Exclude the pictures, then copy word for word the lines running from the beginning of the records through the line with "看起来似乎使用对称加密要更安".
***** Material for this task *****
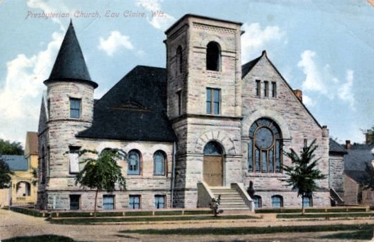 Presbyterian Church, Eau Claire, WI (postcard in the collection of Kittie Hein)
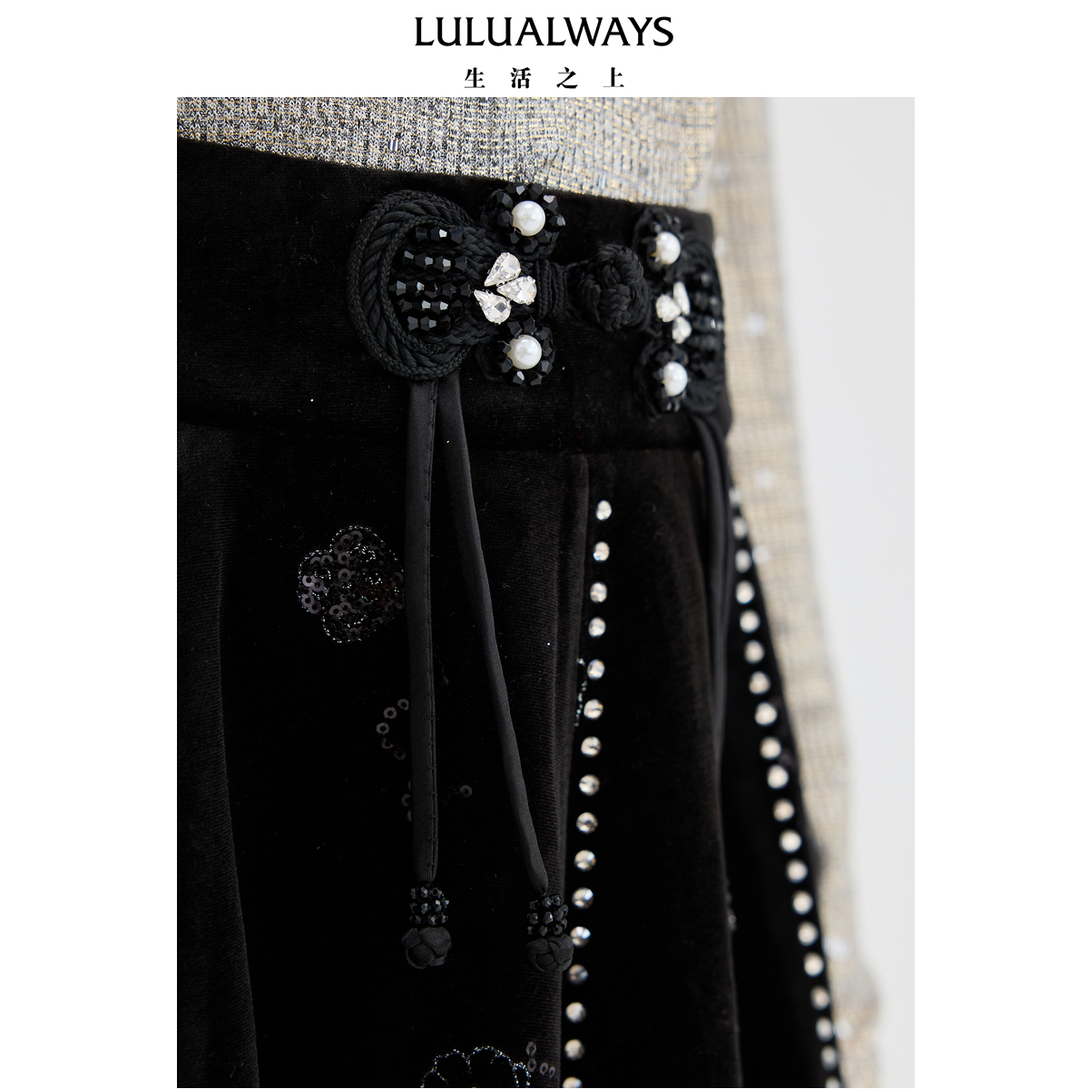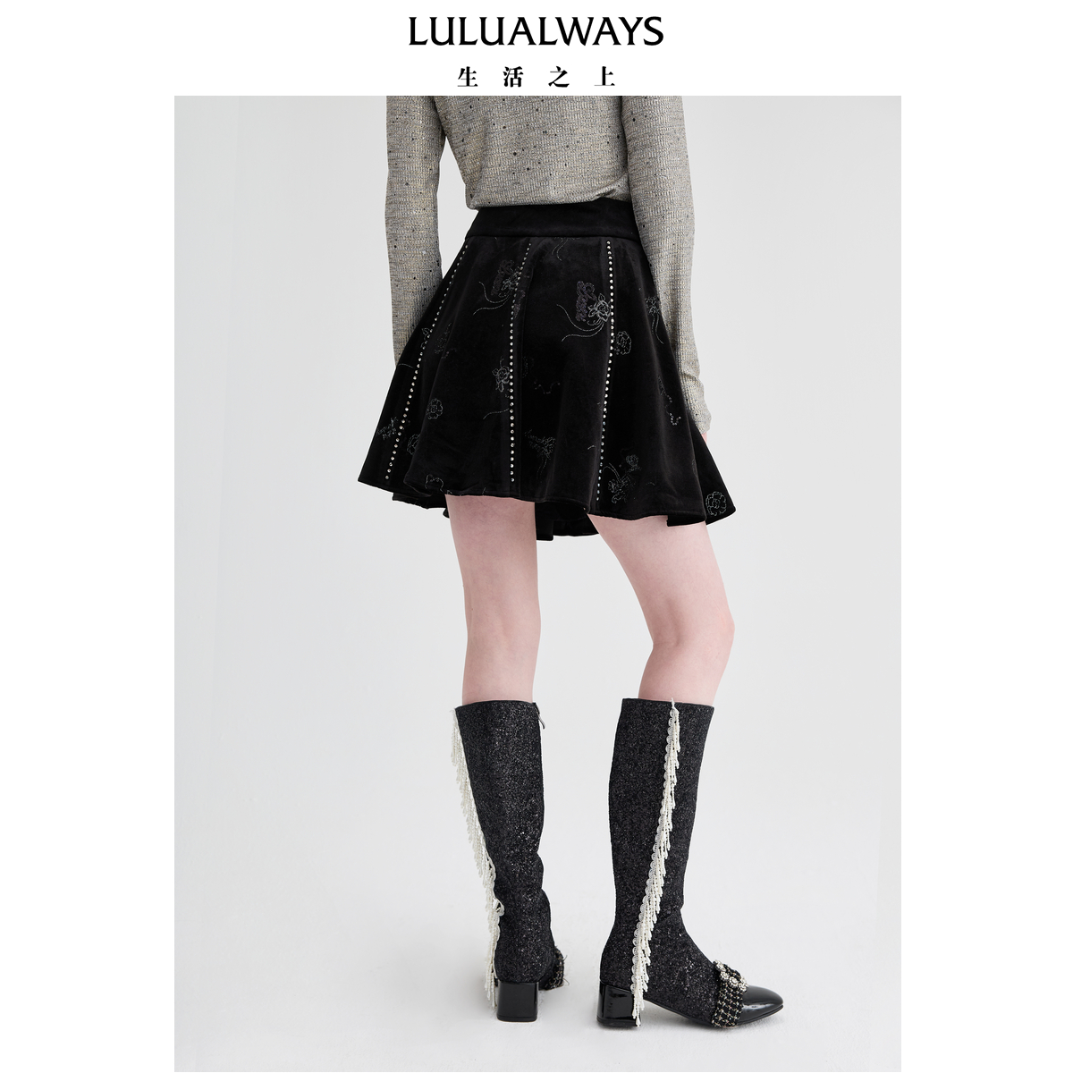 LULUALWAYS【商场同款】秋季新款时尚高腰伞裙绣花丝绒短半身裙
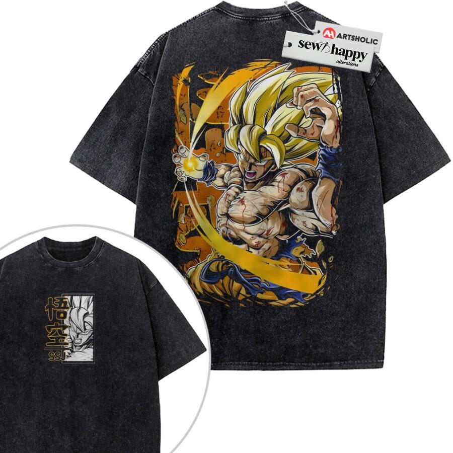 Wash Tee Son Goku Shirt, Dragon Ball Shirt, Anime Shirt, Vintage T-Shirt 2-Sided
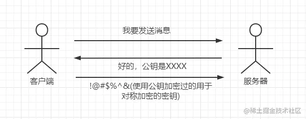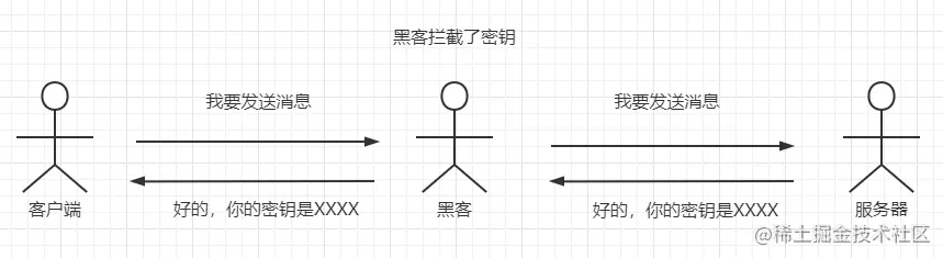 看起来似乎使用对称加密要更安全一点了,但是密钥发送过程中一旦被黑客劫持那么依然是“裸奔”状态:
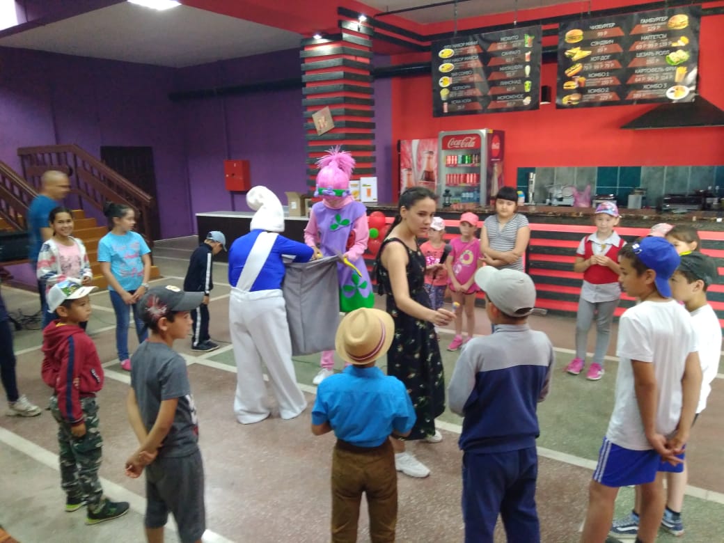 После организовали поездку в село Верхнеяркеево, в кинотеатр имени М.Гареева. Там для детей сотрудники кинотеатра провели различные конкурсные игры. Ребята превращались в веселых героев, танцевали задорные танцы, рисовали мелками на асфальте. Они получили море положительных эмоций, сладкие призы за активное участие в конкурсах. В заключение посмотрели мультфильм и довольные, поехали домой.
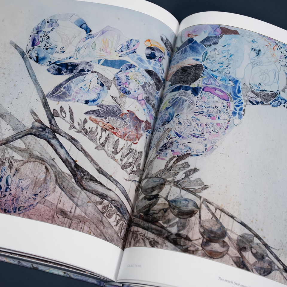 Together, the two books mark significant phases of her artistic journey. Alongside Fox’s own reflections, Cultivate features contributions from leading voices who know her work closely. Sophie Travers (Co-Director/CEO, Australian Tapestry Workshop) traces her restless expansions across continents and media; critic John McDonald situates her imagery within broader cultural and ecological dialogues; Danny Lacy (Director, Shepparton Art Museum) provides the foreword, framing this decade as one of resilience and transformation; and Katherine Roberts (Senior Curator, Manly Art Gallery & Museum) engages the artist in a candid conversation about process, place, and purpose. Beautifully designed and deeply considered, Cultivate is both a record and an invitation: to pause, to look, and to enter the layered spaces where material, story, and humanity converge.
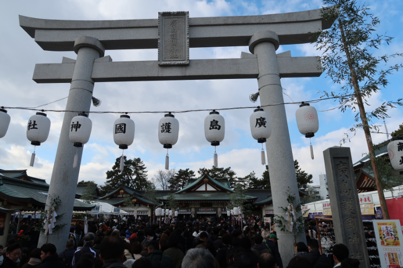 広島で最も初詣客の多い神社は『広島護国神社』。広島城下に居を構えて、戊辰戦争以来、150年以上もの歴史を誇る。普段は観光客で賑わっているが、三が日は境内が広島県民で六方最密充填構造となる。人が人を呼び、人どうしで押し潰しあい、検討に検討を重ねることで人間をもみじ饅頭にする。人口密度は山陽本線の出勤ラッシュと同じぐらいだろうか。
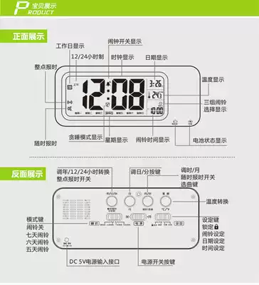 Smart charging time music alarm clock creative luminous silent children student electronic watch snooze bedside seat clock
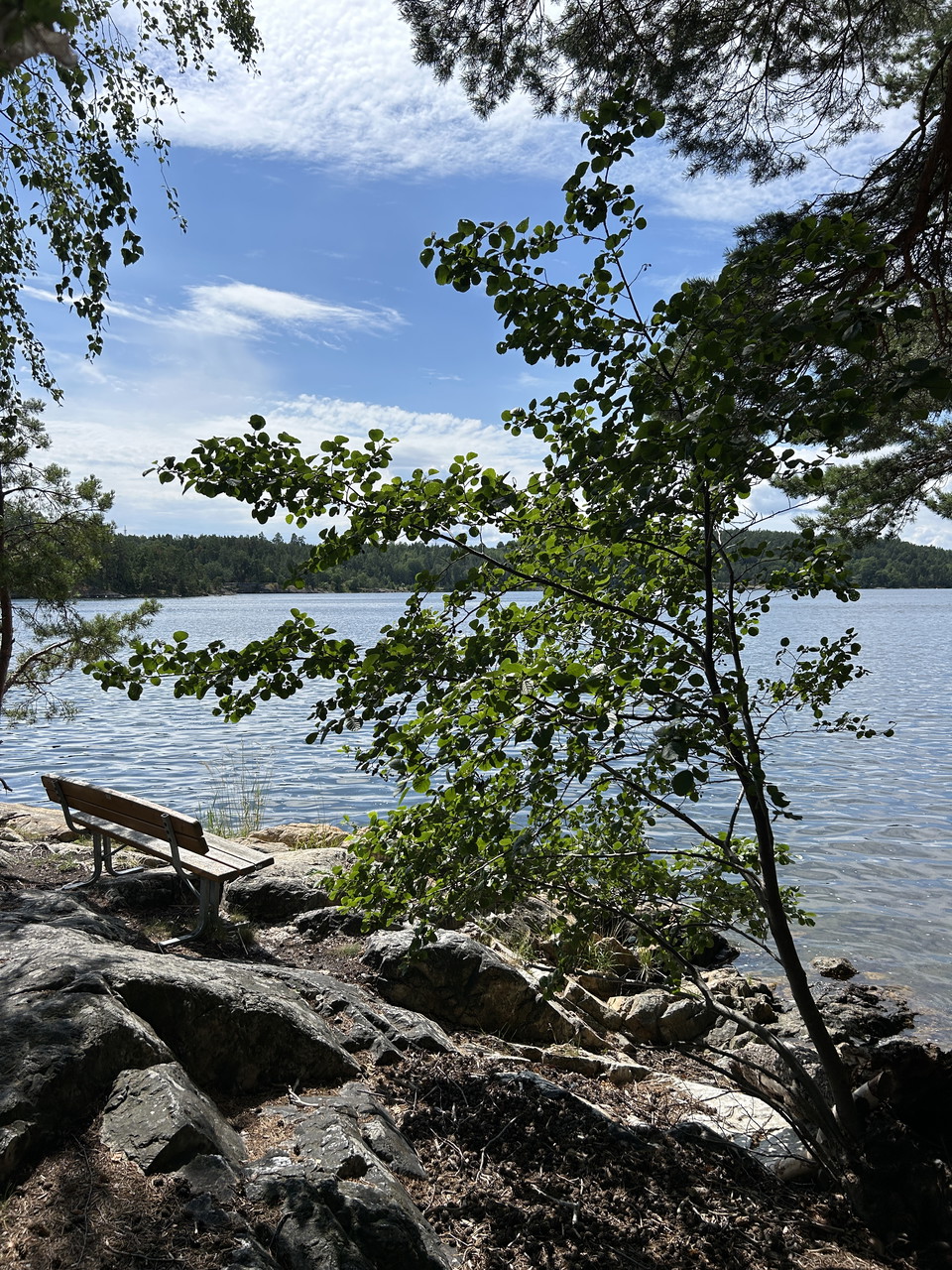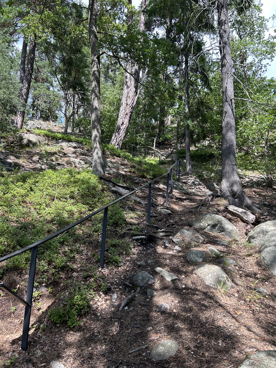 There is a pebble beach and rocks, you can get to the site via Tollare quay or along a steep hill equipped with a steel railing from Barkerivägen.
*****
Answer below:
 Presbyterian Church, Eau Claire, WI (postcard in the collection of Kittie Hein)
 LULUALWAYS【商场同款】秋季新款时尚高腰伞裙绣花丝绒短半身裙
 Wash Tee Son Goku Shirt, Dragon Ball Shirt, Anime Shirt, Vintage T-Shirt 2-Sided
 看起来似乎使用对称加密要更安全一点了,但是密钥发送过程中一旦被黑客劫持那么依然是“裸奔”状态:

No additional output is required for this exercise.